The challenge isn’t with algorithms, or how to use them. The challenge is with the old style of management, the things that businesses do in the “hierarchical mindset” of management who love “control”. It is well known, now, that the more progressive organizations, who let go of “control” and let people become more natural and passionate about what they do, are the most successful organizations in the world. Daniel Pink has spoken on TED talks about this reality, what he calls the “Puzzle of Motivation“.
Organizations, Enterprises, can effectively engage process flows, algorithmic “smart lists” tagged To-Dos to help capture, direct and engage participants from their workers, if they begin to engage Enterprise level tools and let their staffs participate at the level where the HITS “Human Intelligence Tasks”, the work “actually” gets done.

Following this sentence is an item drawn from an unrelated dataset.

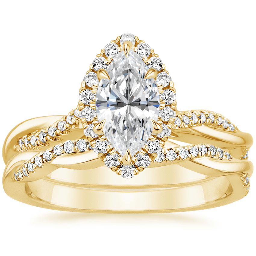18K Yellow Gold Petite Twisted Vine Halo Diamond Bridal Set (1/3 ct. tw.)

The problem is with algorithms. The challenge lies with the way that management traditionally “thinks” about BI (business intelligence) analytics, and so they (management) can use BI to figure it out.
Shocker for managers, and executives. Your teams and people are smart, and getting smarter. They do the work, so let them participate. When Harley Davidson did this a few decades ago, talked to the mechanics and the workers on the “floor” – and learned how they would manage the failing bike manufactures business, it re-invented the company into a brilliant global resurgence and brand that dominated the new “bike” culture – offering some of the most expensive and sought after motorcycles in the world. And this was learned well before algorithms could be accessed to help any business get smarter.
Getting smart in our businesses is in and of itself, a process. Business is a process. A decade ago when I wrote about Business in Process Enterprise Design (BIPED) and developed the process flow algorithms that drive our Patents-Pending which drive the 1to1Real platform, I was thinking how business managers could learn more from their staffs than any Accenture type system design of the day. Today, a decade later, we are seeing the reality of algorithmic intelligence that is not going to go away. The only questions now are, how and who will become the Harley Davidson businesses, the smart ones, to grow with intelligence from the Way things actually get done the best.
Who knows, maybe even management and their techniques, will become “smarter” along with more productive teams, and better actual intelligence about what those people who make your business tick do everyday. All it takes is the right tool, available on the right devices, and a start in implementing process flows that tell about the “real” way things are getting done, and how they get done best.